O improvável milagre que ninguém pediu
Imagine a cena. Estúdio em Nova York, 1986. Três rappers do Queens — Joseph "Run" Simmons, Darryl "DMC" McDaniels e Jason "Jam Master Jay" Mizell — estão sendo praticamente obrigados pelo produtor a gravar com uma banda de rock que eles mal conheciam. Pior: eles odiavam a ideia. Para Run e DMC, "Walk This Way" não era um clássico do Aerosmith; era apenas aquela faixa instrumental sobre a qual eles costumavam soltar rimas nas festas, sem nem saber direito de quem era. Eles achavam a letra original ridícula, o vocal estridente, e resistiram até o último minuto.
E mesmo assim, daquela briga de gosto musical, nasceu uma das gravações mais importantes do século XX. Não é exagero. "Walk This Way" foi a primeira faixa de hip-hop a entrar no Top 5 da Billboard americana, abriu as portas da MTV — que até então praticamente ignorava artistas negros e rap — para um gênero inteiro, e transformou o Aerosmith, então uma banda falida e devorada pelas drogas, de novo em superastros. Foi um milagre que ninguém daquela sala pediu e do qual quase todo mundo duvidava.
A surpresa maior é essa: a música que uniu mundos era, na origem, apenas uma piada safada sobre sexo. O que parecia trivial virou histórico.

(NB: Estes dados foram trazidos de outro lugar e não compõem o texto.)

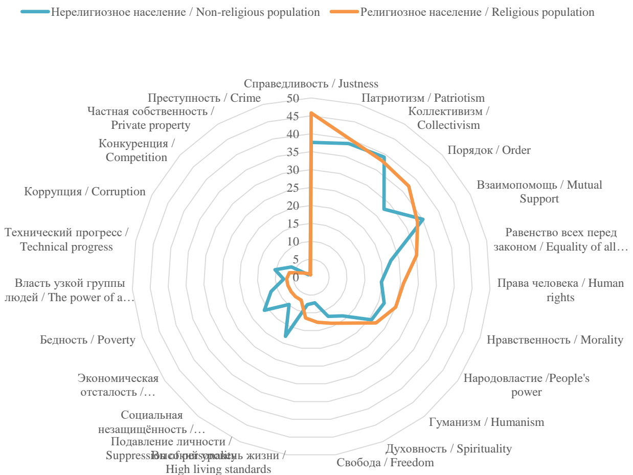
Рис. 1. Структура мнений респондентов типологических групп о том, что означает для них понятие «социализм», в %

Для нерелигиозного населения основным признаком социализма является его родовое свойство – «коллективизм» (39%). Заметим, что примерно такая же часть религиозного населения назвала «коллективизм» в числе главных понятий, присущих социализму. «Патриотизм» рассматривается в обеих изучаемых группах примерно одинаково. А «справедливость» нерелигиозное население определяет, как свойство, присущее социализму, гораздо реже: разница в оценках составляет 8,1 п.п.
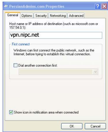
۸- از این قسمت هم می‌توانید آدرس سرور خود را تغییر دهید
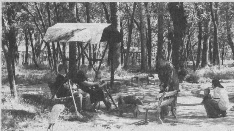
В Ташкенте много зеленых уголков, где можно спокойно отдохнуть и просто прогуляться.

Как ожидается, все работы по проверке и устранению дефекта займут у дилера той или другой компании около 20 минут. По традиции, все работы будут проведены совершенно бесплатно. Отметим также, что в Германии отзыв затронет чуть больше 6000 внедорожников Porsche Cayenne и 12 000 внедорожников VW Touareg. Все остальные отзываемые автомобили были поставлены на экспортные рынки.
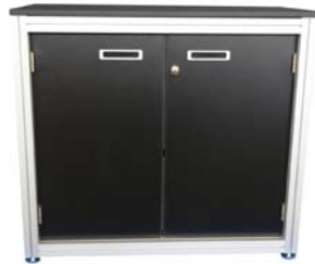
50018 Sideboard Sideboard
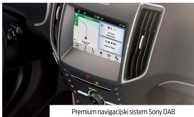
Premium navigacijski sistem Sony DAB
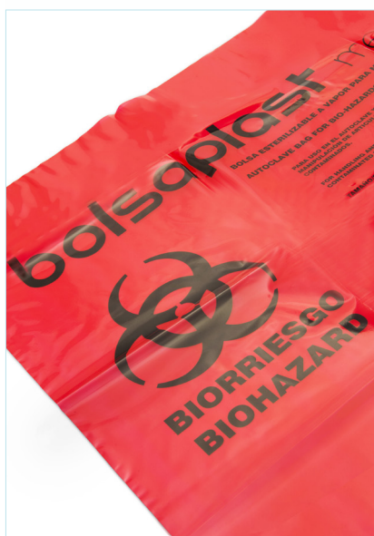
Impresión de logos biorriesgo y de información de uso
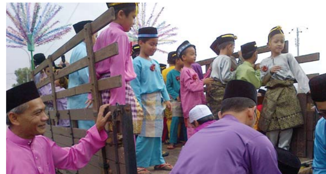
Kanak-kanak di Taman Sutera, Kajang ini dibawa berarak dengan menaiki lori sebelum dikhatankan pada Program Sunathon yang turut dihadiri Ahli Parlimen Serdang, Teo Nie Ching
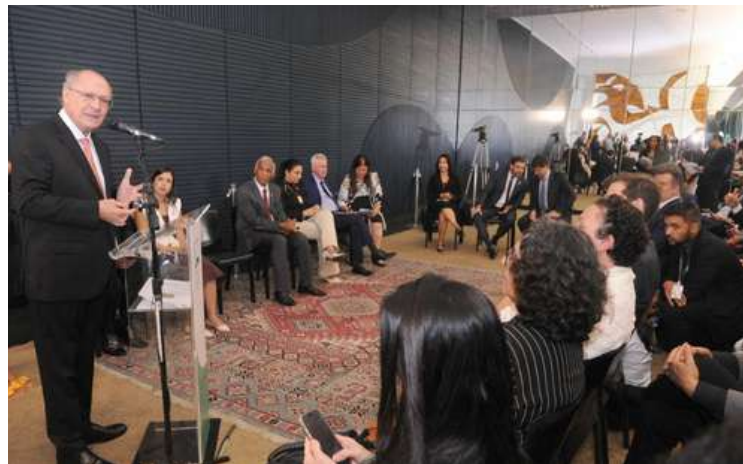
Renato Araújo / Câmara dos Deputados
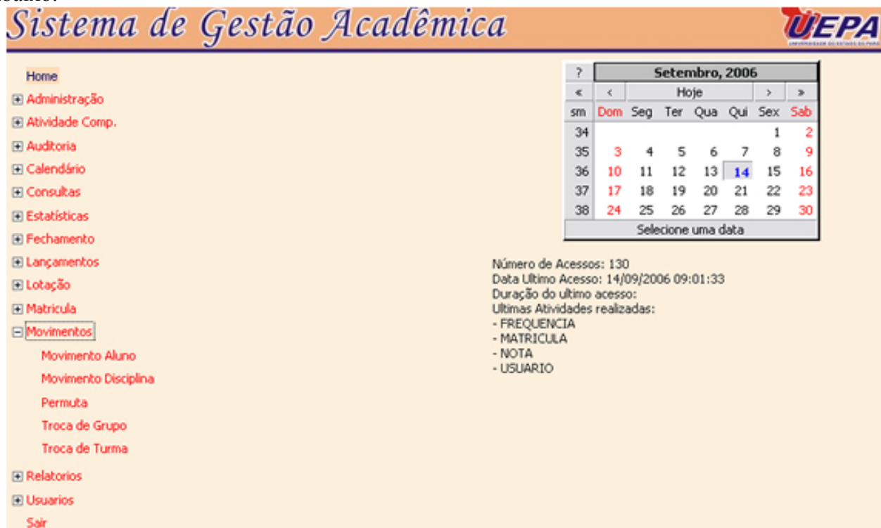
Figura 4- Sub-módulo Movimentos

Ao clicar no link movimento é possível visualizar os seus sub-módulos como mostra a figura abaixo:
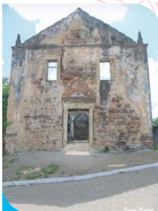
Ruínas da Igreja São Miguel

Descubra a Baía da Traição O paraíso é aqui!
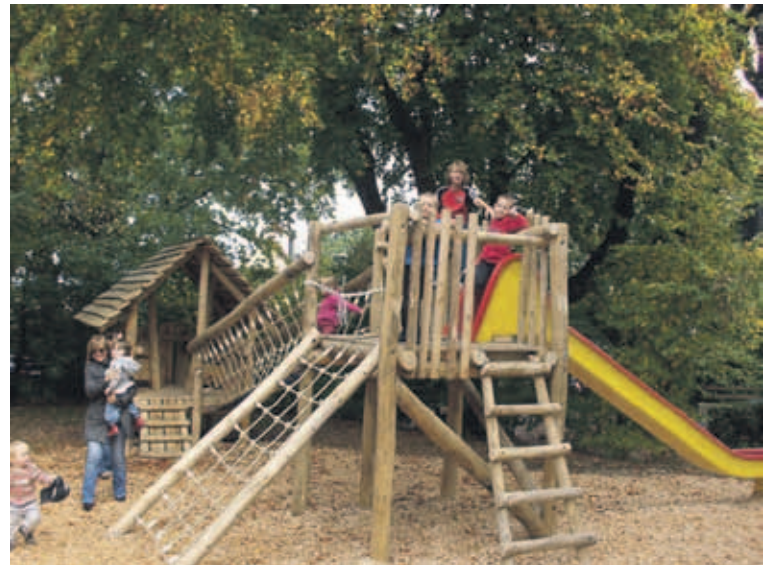
Spielplatz Hohle Gasse im Spiegel.

Ob in Wabern, Spiegel, Blinzern, Liebefeld, Gartenstadt, Niederwangen oder auf dem Gurten: In Köniz gibt es verteilt über das ganze Gemeindegebiet öffentlich zugängliche Kinderspielplätze. Die Webseite der Gemeinde Köniz bietet neu einen Überblick über die Standorte der Spielplätze, mit Angaben zum Inventar, Stand Erneuerung und Besitzer.
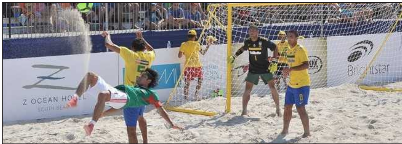
● سقوط على الرمال

إلا أن نجوم السامبا استدرکوا ما ضاع منهم في النسخة الأولى، حيث أحرزوا اللقب العالمي في بطولة العام التالي، والتي شهدت مشاركة ١٦ منتخباً لأول مرة في تاريخ المسابقة. وفازت البرازيل بكل سهولة على منتخب أوروغواي في المباراة النهائية، لتحمل أول لقب كأس العالم FIFA لكرة القدم الشاطئية في تاريخها، بعدما كانت قد توجت فيما قبل بطلاً للعالم قبل انضمام اللعبة إلى لواء الاتحاد الدولي.
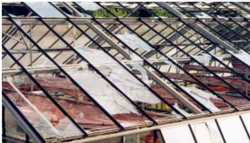
Bild 6 | Gewächshaus nach einem Hagelereignis. Der vollflächige Ersatz der Scheiben ist notwendig.

Die Grenze zwischen einem beschädigten und einem unbeschädigten Bauteil wird als Schadenkriterium bezeichnet. Da bei mehreren Funktionen die Schadenkriterien verschieden sein können, kann ein Bauteil verschiedene Hagelwiderstände aufweisen. Beispielsweise kann die Beschichtung einer Fassade bereits bei relativ kleiner Hagelwirkung beschädigt werden. Die Fassade erfüllt jedoch nach wie vor das Prüfkriterium Wasserdichtheit. ▶
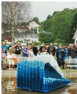
Bilde 2 Minnesmerke i Fredsparken.
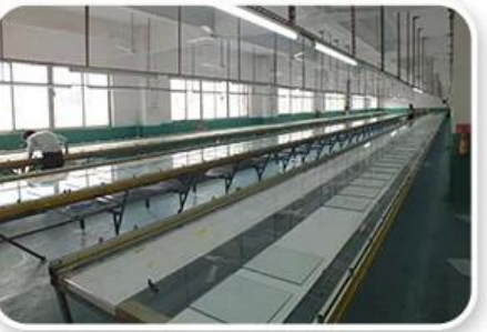
Screen Printing Workshop
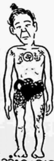
ကုန်သုံးခု၊ ချက်မပိုင်လျှင်
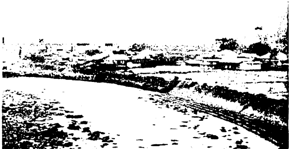
③【渋川の棚下】 棚下集落(右岸からの遠景) カスリーン台風時に集落の一部に 浸水被害があったが、堤防はない。 すぐそばに段丘があるので、浸水が広がることない。
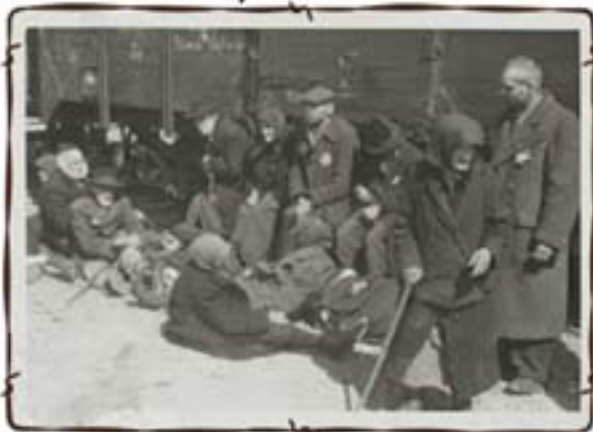
יוערו להשמדה בסלקציה-סמתינים על הרצוף להשמדה
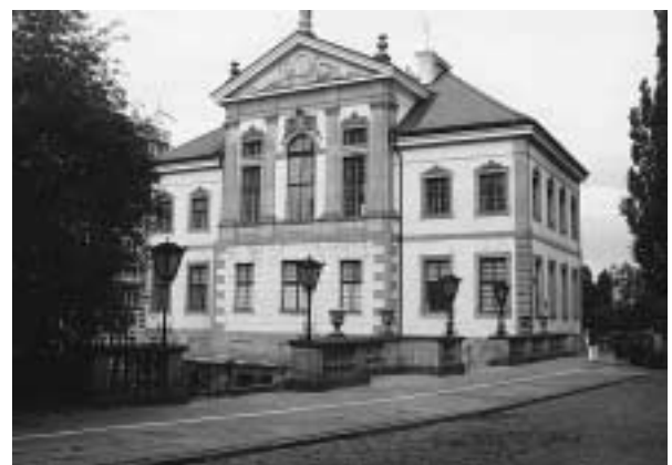
写真5 ショパン博物館

再びモスクワに着く。シェレメチェヴォII国際空港の入国管理に並ぶ人の列は前回よりもさらに長く、入国に約40分待たされた。税関を抜け、タクシーの客引きの声が渦巻く通路を通り、タクシー手配デスクに行く。ホテルの名前を告げると、英語を話す女性が「そのホテルまでの基準料金は75ドルですが60ドルに負けておきましょう」という。それは高すぎるとさらに50ドルに値切るとOKとなり、少し離れたところに駐車してあった車に案内された。旧式の乗用車で、タクシーの表示などはどこにもなく、白タクみたいだ。40分ほど走ってキエフ駅近くのホテルに到着し、
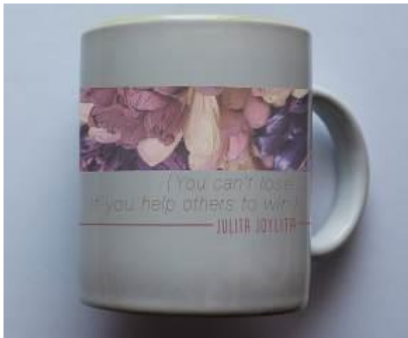
Gambar 10. Media mug

Duas bandas em pontos opostos da estrada
Para entender o tamanho do choque, é preciso conhecer os dois lados. O Aerosmith tinha lançado o original de "Walk This Way" em 1975, no álbum Toys in the Attic. Steven Tyler, o vocalista de boca enorme e energia elétrica, escreveu a letra inspirado, dizem, no filme O Jovem Frankenstein de Mel Brooks — a piada "walk this way" ("ande deste jeito") era um trocadilho físico do cinema. A canção falava, sem o menor pudor, de um garoto do colégio descobrindo o sexo, guiado por uma colega de turma mais experiente e por uma prima animadora de torcida. Era rock'n'roll setentista em estado puro: sujo, sacana e movido a um riff de guitarra de Joe Perry que grudava no ouvido.
Só que, em 1986, o Aerosmith estava no fundo do poço. Anos de cocaína e heroína haviam destruído a banda; eles eram vistos como uma relíquia dos anos 70, perdidos, sem hits e sem rumo. Do outro lado da estrada vinha o Run-DMC: jovens, durões, vestidos de preto com tênis Adidas sem cadarço, redefinindo o que o hip-hop podia ser. Eles eram o futuro batendo na porta de um gênero que a indústria ainda tratava como moda passageira.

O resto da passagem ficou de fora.